The upsides of the downturn

Opinion was divided among the group about the stage and rate of recovery.   Nigel Pyke being very optimistic and seeing “significant improvement on where the market was a year ago”, Nick Richards more measured, believing that while we will hopefully avoid a double-dip recession, we are likely to experience a more bath-shaped curve and that we are currently bumping along the bottom of that bath.  This all sounds a bit painful – and it may well be for the companies just clinging to liquidity and for nervous equity partners – but it is good news for some.

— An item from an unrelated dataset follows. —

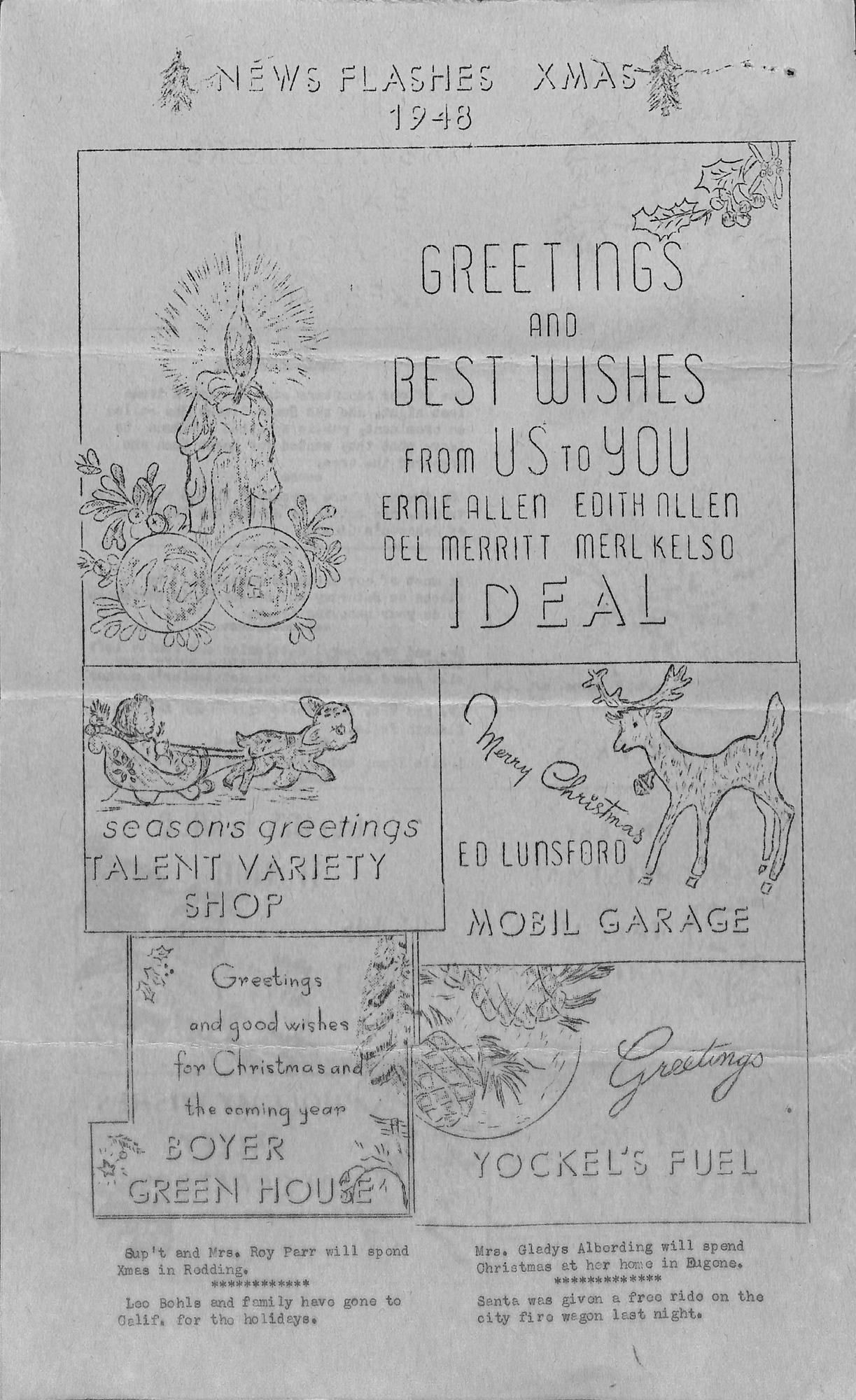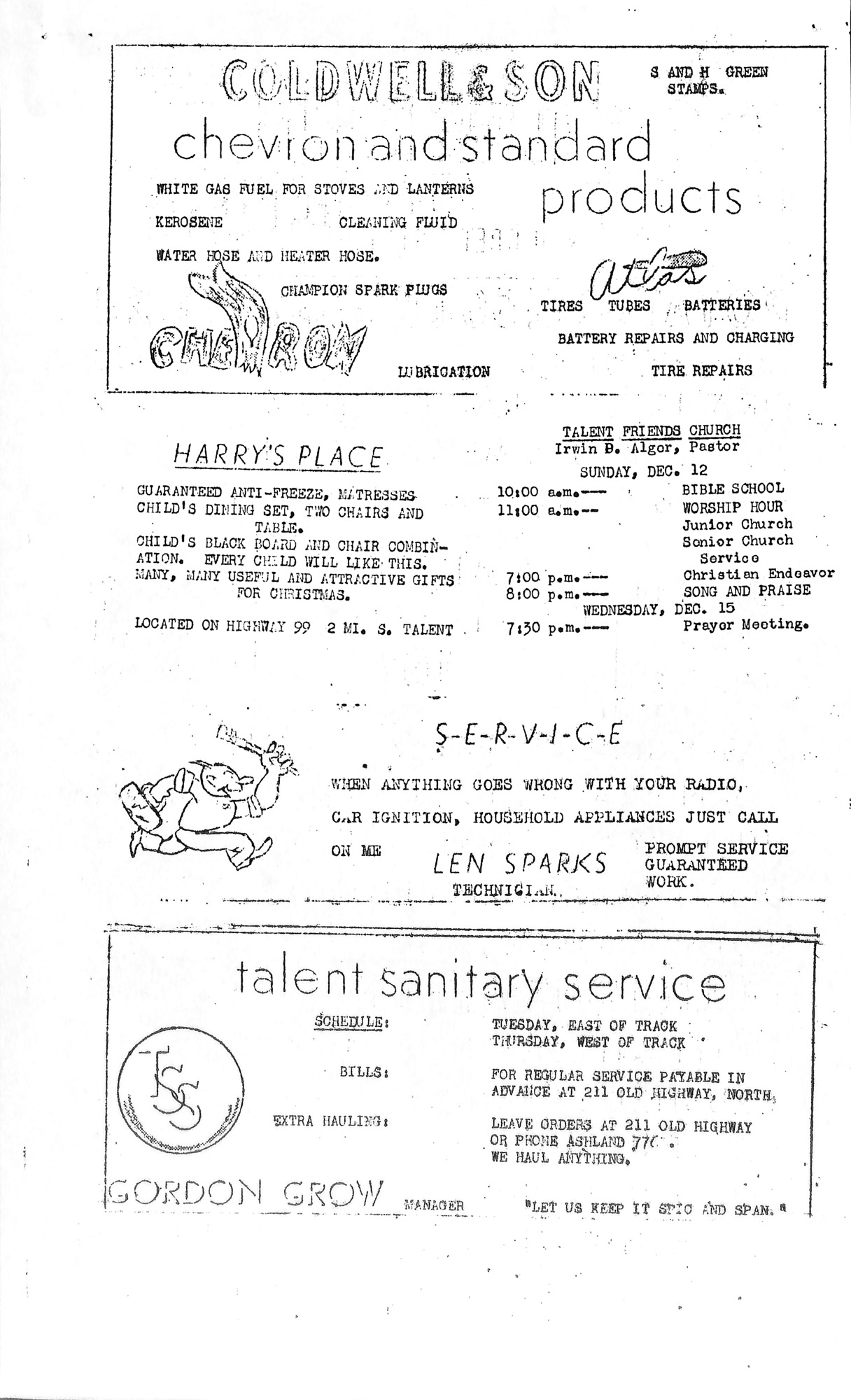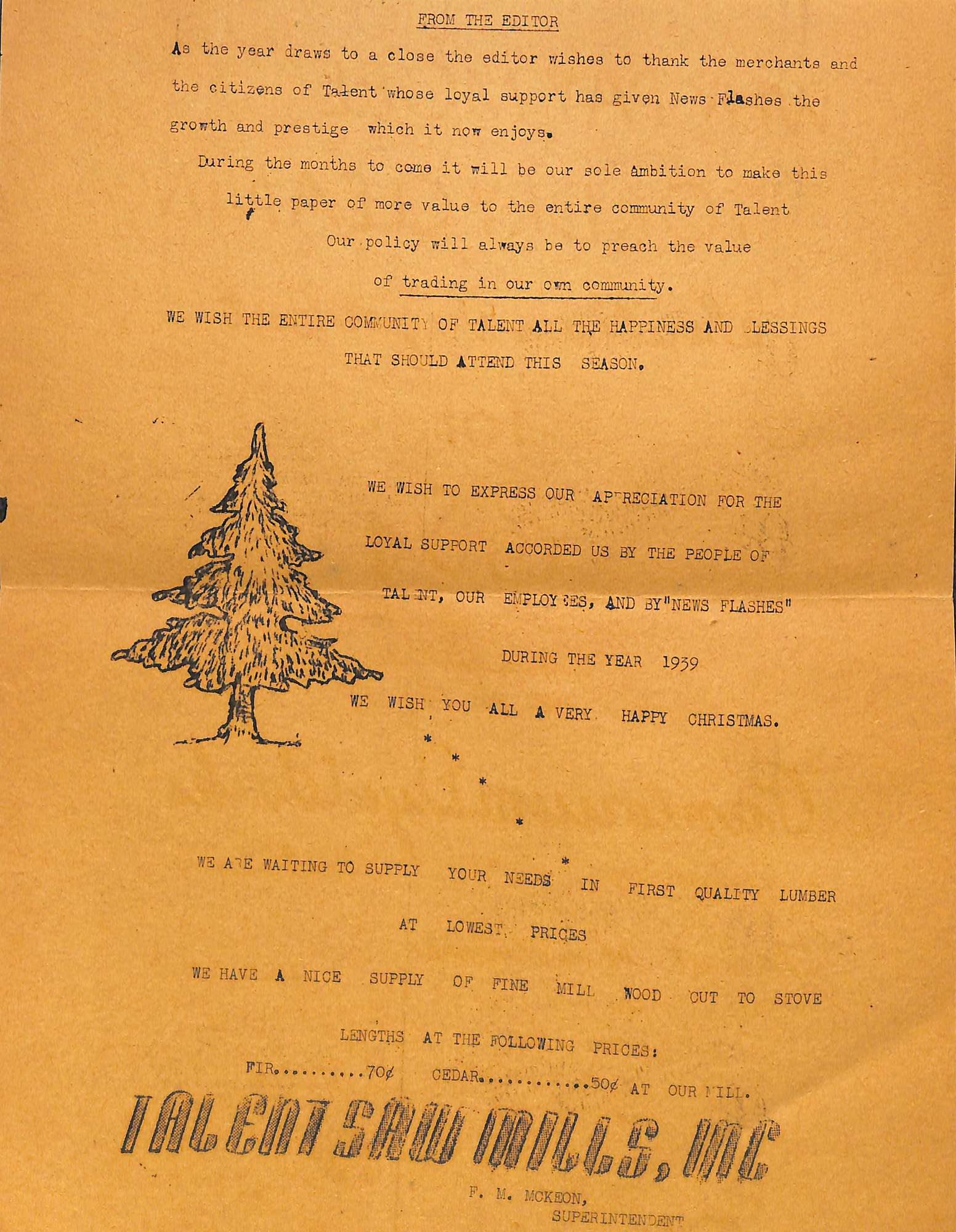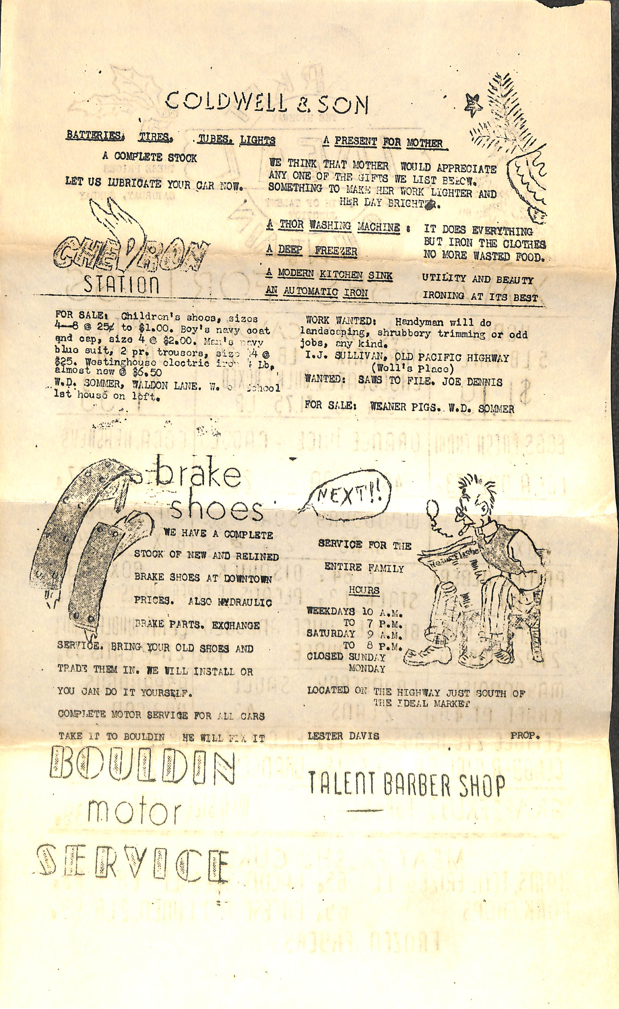 One of our reporters said she had a dream last night. She was Santa Claus. She called on prominent, public-spirited citizens to learn what they wanted for Xmas. Then she prepared the tree. On the tree were seventeen little white fire trucks, one bottle of Scotch and three cans of Johnson's Glo-Go. As most of our business houses will be closed on Saturday and Sunday it is advisable to do your shopping today. Mr. and Mrs. Beryl Settlemier and family left today for Longview, Washington, where they will spend Xmas with Mrs. Settlemier's mother. Mr. and Mrs. Lloyd Wells will spend Xmas in Klamath Falls. Lucile Young and Barbara Terrill home for Xmas. Page 12, Christmas greetings ads for: TALENT LOCKER & GROCERY ROY'S PLACE TALENT BARBER TALENT CLUB Page 13, Christmas greetings ads for: KING'S CAFÉ GILBREATH MOBIL TALENT CAFÉ TALENT HARDWARE JUNCTION POINT SHELL IN RETROS, ETC., ETC.

What united the group was the belief that the recession has sharpened the focus on business development within firms.  Partners who previously had little or no appetite for new business activity are now queuing up to request time and advice from the relationship teams.  Also evident is a shift from pure “marketing communications” to “business development” and – you may want to sit down for this – some firms are even openly using the word sales!

The budget is budging

There was some talk of tighter budgets and the way money is carved up is also changing. Nick Richard’s focus of two-thirds of budget on business development and CRM with the remainder supporting a good media and communications programme seemed about right to the others.  As Lee Grunnell from Beachcroft notes, activity must be absolutely focused on “winning work” – and needs to directly support client, sector and Practice Group business plans.  The need to demonstrate better return on investment has helped this push for better alignment.  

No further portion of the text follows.